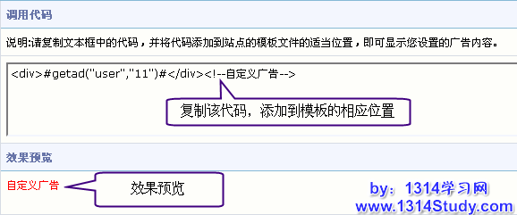 点击“广告代码”,查看生成的代码,然后把这个代码加到您想要显示广告的模板中相应位置,即可在网站显示广告,如下图:
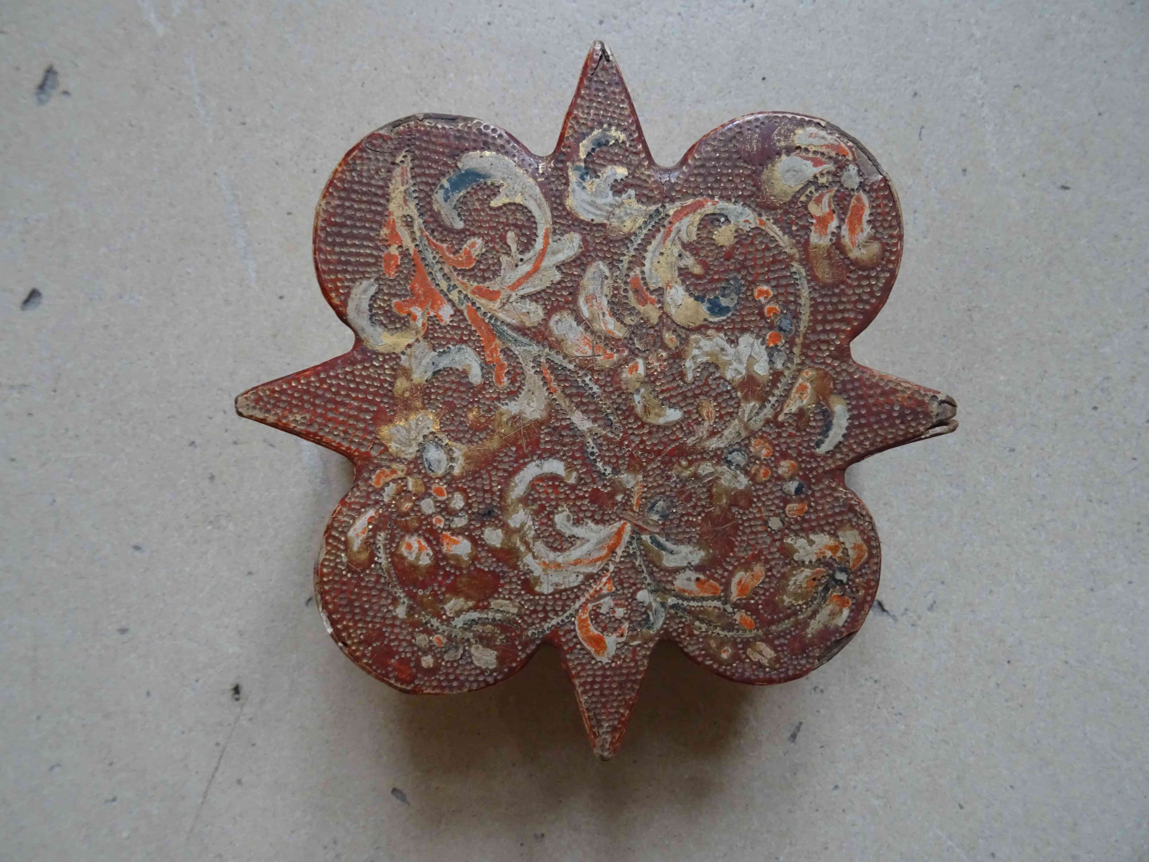 La boîte, en forme de quadrilobe, est fermée par un couvercle décoré de rinceaux peints sur un fond de petits trous.
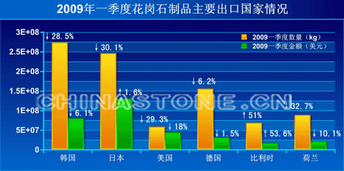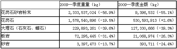 石材http://www.stonebuy.com/制品出口http://en.stonebuy.com/各類的數(shù)量和金額如下,括號中為與2008年同期相比變化:
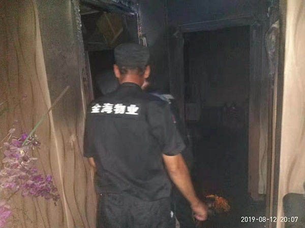 8月12日傍晚18:05分,國門灣新世紀佳園B區保安班長孔慶峰在園區巡視時,突然發現20號樓2201戶的臥室窗有濃煙冒出。孔班長立即跑上樓查看,敲門許久無人應答。在接到孔班長的報告后,管理部人員攜帶滅火器趕到現場,經理助理靳忠立即撥打119報警并同時也聯系業主,但多次撥打業主電話未果,隨后將情況通報了國門灣公安派出所。物業公司對火情的快速反應,讓業主十分感動,他們表示,如果不是金海的物業,就有可能釀成更嚴重的后果。
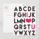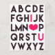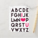 NewParkLane - Carte postale mignonne, avec l'alphabet en typographie moderne noire et les lettres pour 'Je t'aime' en rose chaud avec un grand cœur.
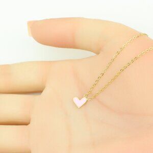 "Heart Charm Yellow Necklace with Pink Enamel, XPNL0369
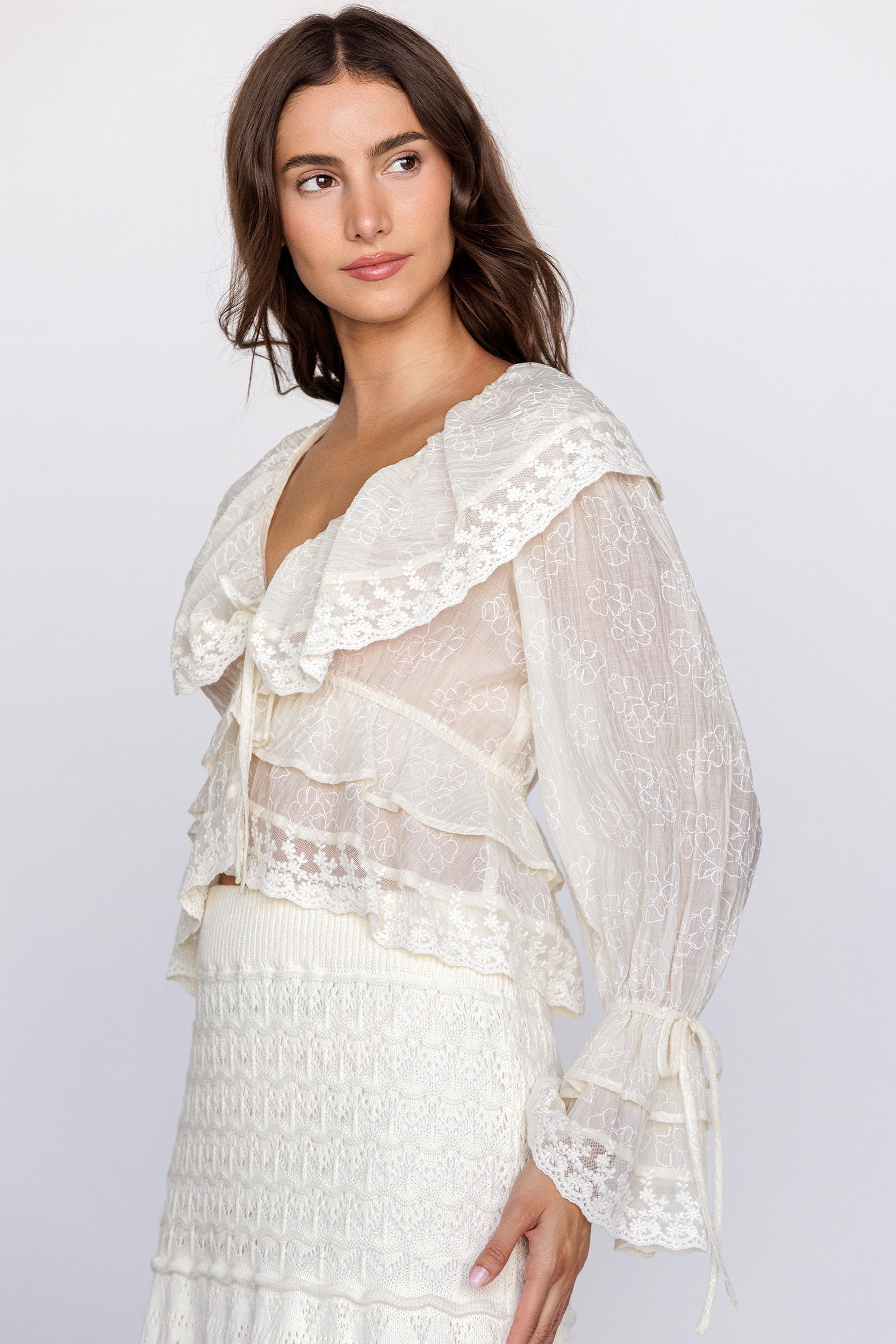 Romantic Lace Ruffle Detail Long Sleeve Top

━━━━━━

**What the exercise asks:**
Give the data again exactly as it stands, apart from the pictures.

**Answer to this problem:**
 点击“广告代码”,查看生成的代码,然后把这个代码加到您想要显示广告的模板中相应位置,即可在网站显示广告,如下图:
 La boîte, en forme de quadrilobe, est fermée par un couvercle décoré de rinceaux peints sur un fond de petits trous.
 石材http://www.stonebuy.com/制品出口http://en.stonebuy.com/各類的數(shù)量和金額如下,括號中為與2008年同期相比變化:
 8月12日傍晚18:05分,國門灣新世紀佳園B區保安班長孔慶峰在園區巡視時,突然發現20號樓2201戶的臥室窗有濃煙冒出。孔班長立即跑上樓查看,敲門許久無人應答。在接到孔班長的報告后,管理部人員攜帶滅火器趕到現場,經理助理靳忠立即撥打119報警并同時也聯系業主,但多次撥打業主電話未果,隨后將情況通報了國門灣公安派出所。物業公司對火情的快速反應,讓業主十分感動,他們表示,如果不是金海的物業,就有可能釀成更嚴重的后果。
 NewParkLane - Carte postale mignonne, avec l'alphabet en typographie moderne noire et les lettres pour 'Je t'aime' en rose chaud avec un grand cœur.
 "Heart Charm Yellow Necklace with Pink Enamel, XPNL0369
 Romantic Lace Ruffle Detail Long Sleeve Top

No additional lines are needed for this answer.